After implementing these techniques, here's how our metrics improved:

MetricBasic RAGAdvanced RAG
Avg Precision0.430.44
Avg Recall0.660.69
Avg F1 Score0.520.54
Avg MRR0.740.87
End-to-End Accuracy71%81%
The most dramatic improvement came in MRR (from 0.74 to 0.87), thanks to Claude's re-ranking capability. End-to-end accuracy jumped 10 percentage points, demonstrating that better retrieval directly leads to better answers.

Key Takeaways

  • Evaluate retrieval and generation separately: Use precision, recall, F1, and MRR for retrieval; use accuracy or Claude-as-judge for end-to-end performance.
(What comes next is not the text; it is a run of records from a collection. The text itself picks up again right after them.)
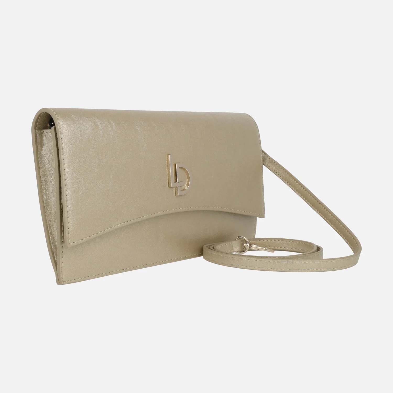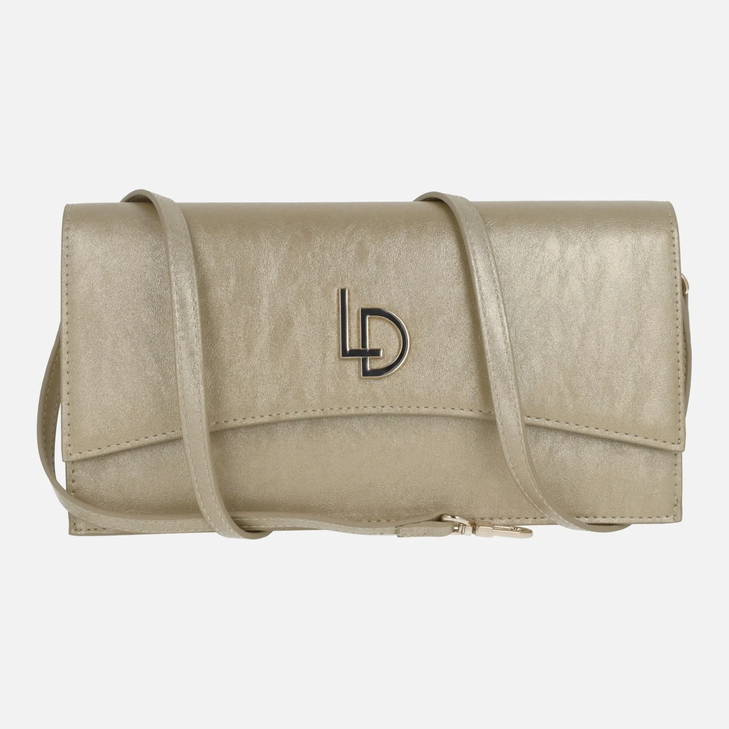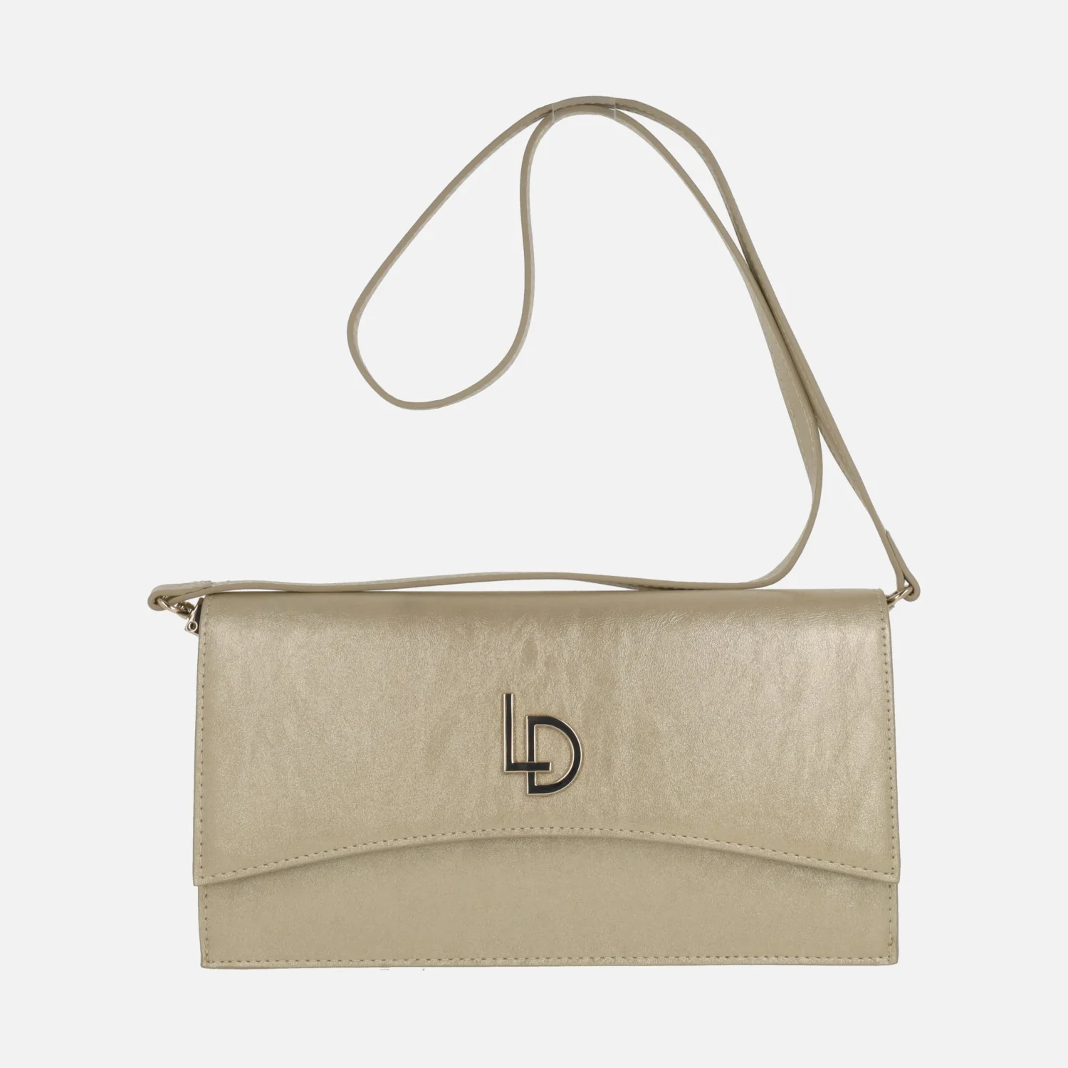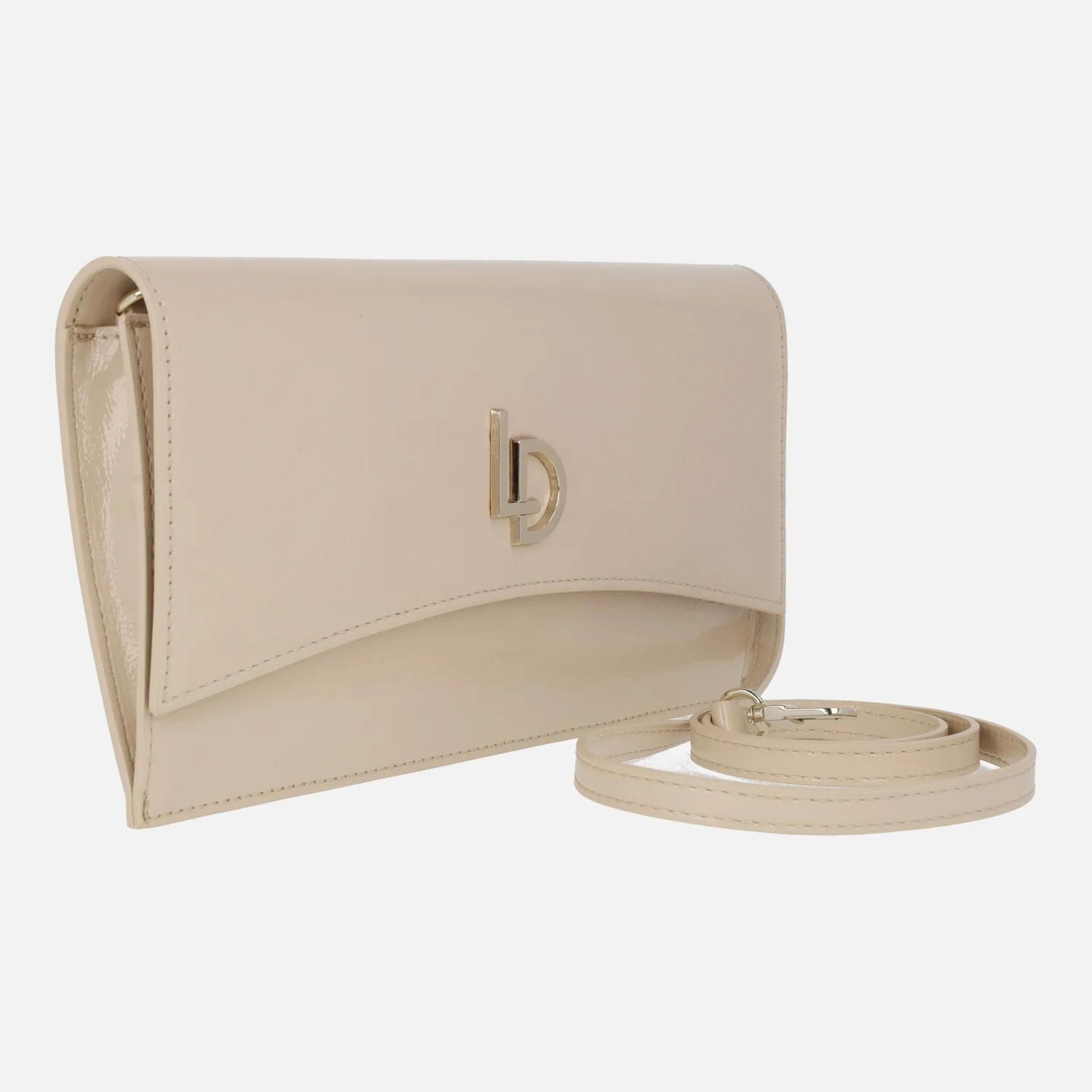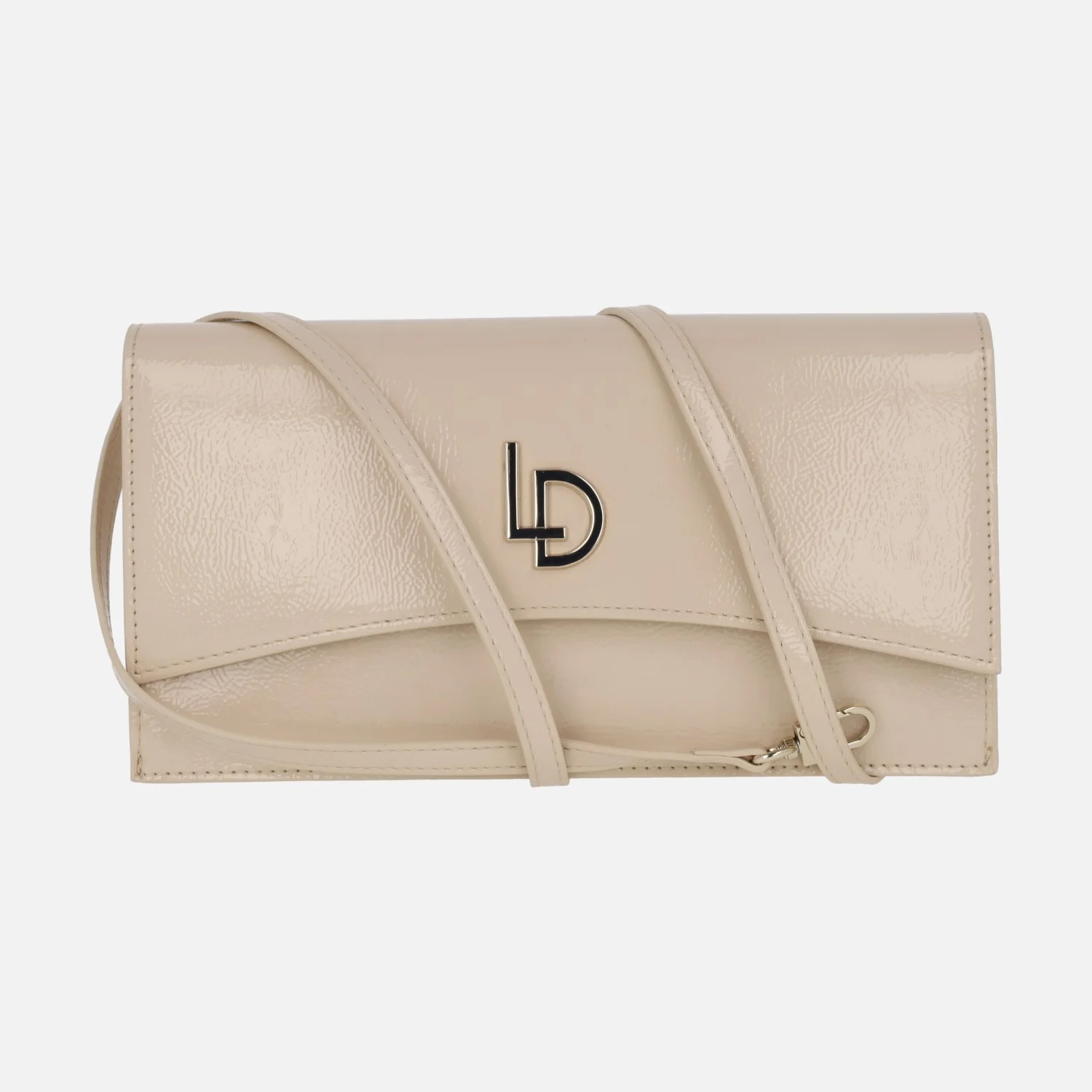 Carteras estilo sobre de la marca Lodi modelo LP1619, disponibles en metal cava o en charol nude. Carteras con solapa, elaboradas en materiales sintéticos, con logo metálico LD de Lodi en la tapa. Cierre con broche imantado. Interior textil con bolillos, uno de ellos con cremallera. Asa extraíble para cruzar. Medidas aproximadas: 15 cms de alto x 27 cms de ancho x 3 cms de fondo.
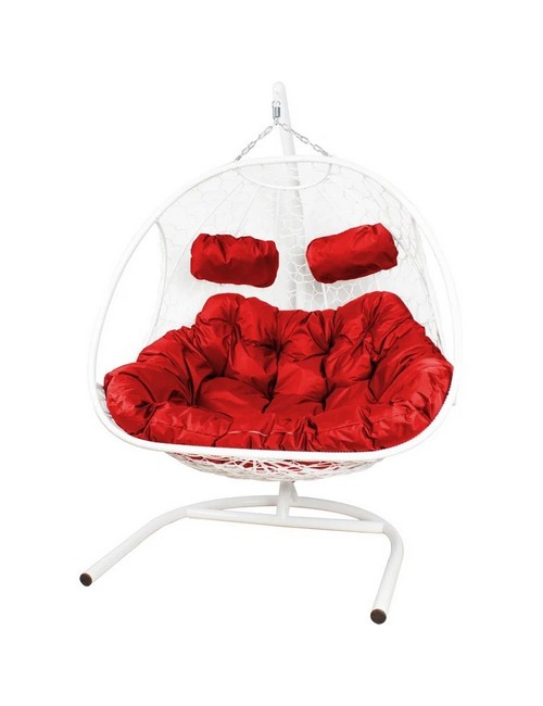 Подвесное кресло ДОБРЫНЯ с ротангом (белый с красной подушкой)
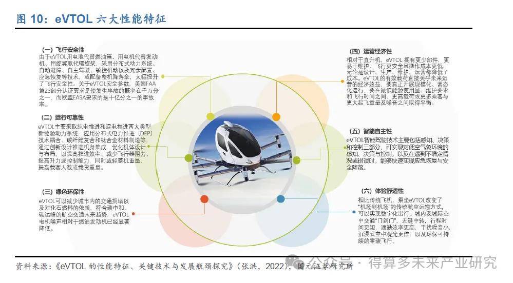 eVTOL性能优势明显,竞争能力突出,发展前景广阔。eVTOL主要具有六大性能特征:飞行安全性、运行可靠性、绿色环保性、运营经济性、智能自主性、体验舒适性。1)飞行安全性:eVTOL采用多电池系统、多电机驱动多旋翼,具有多套独立可靠的动力系统提供安全冗余,大幅提升飞行安全性。2)运行可靠性: eVTOL运营环境复杂,对运行可靠性要求更高;电气化的eVTOL简化了传统动力及传动复杂的机械结构,在各种功能上均实现了运行可靠性。3)绿色环保性:eVTOL基于电动化,没有发动机,符合零碳愿景和环保要求,同时能够大幅降低噪音,提升乘坐体验和舒适度。4)运营经济性:eVTOL在生产、设计、运营等方面均具有低成本优势,随着规模化和供应链不断成熟,未来eVTOL运营成本将进一步降低,更加大众化、普适化。(5)智能自主性: eVTOL拥有智能驾驶技术,帮助感知、决策、控制,实现高度自动化运行。(6)体验舒适性: eVTOL可实现城内及城际空中交通“门到门”无缝中转,缩短行程时间以提高通勤效率,同时具备噪音小,带来沉浸式观光体验。
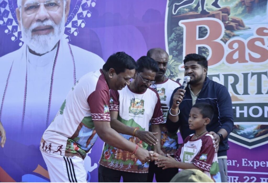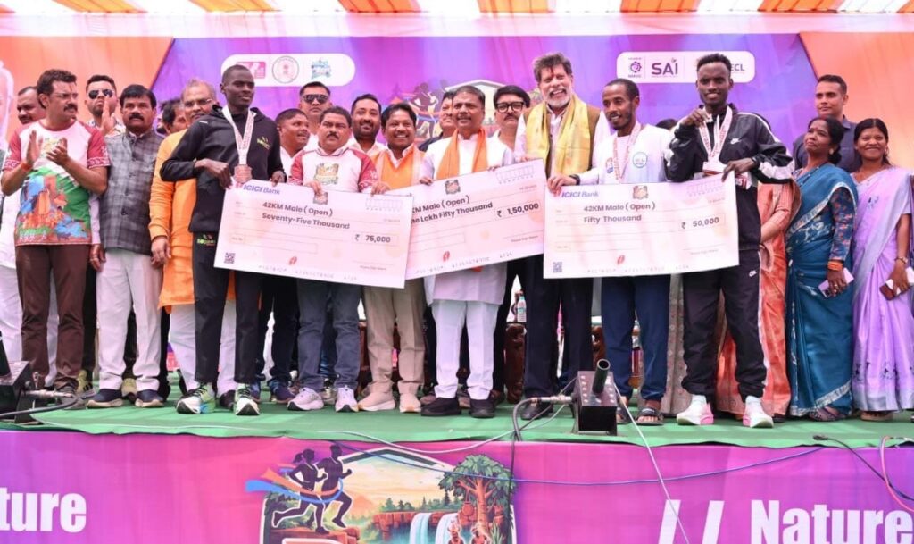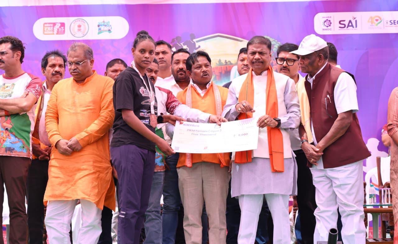 स्थानीय प्रतिभाओं ने भी शानदार प्रदर्शन किया। बस्तर पुरुष वर्ग में संजय कोर्राम ने 2:31:50 घंटे में दौड़ पूरी कर पहला स्थान हासिल किया, जबकि महिला वर्ग में कुसुम शार्दुल ने 3:18:43 घंटे के साथ बाजी मारी।

This helps you pinpoint where improvements are needed.
  • Summary indexing bridges the gap: When questions require synthesizing information across multiple chunks, summary embeddings capture higher-level relationships that individual chunk embeddings miss.
  • Re-ranking with Claude dramatically improves MRR: Using Claude to intelligently re-order retrieved chunks ensures the most relevant information appears first, which is critical for generating accurate answers.
  • Start simple, then iterate: Begin with a basic RAG pipeline, establish your evaluation metrics, then layer on advanced techniques. This approach ensures you can measure the impact of each improvement.
  • Consider production trade-offs: In-memory vector databases work for prototyping, but production systems should use hosted solutions. Also be mindful of rate limits and token usage when running full evaluations.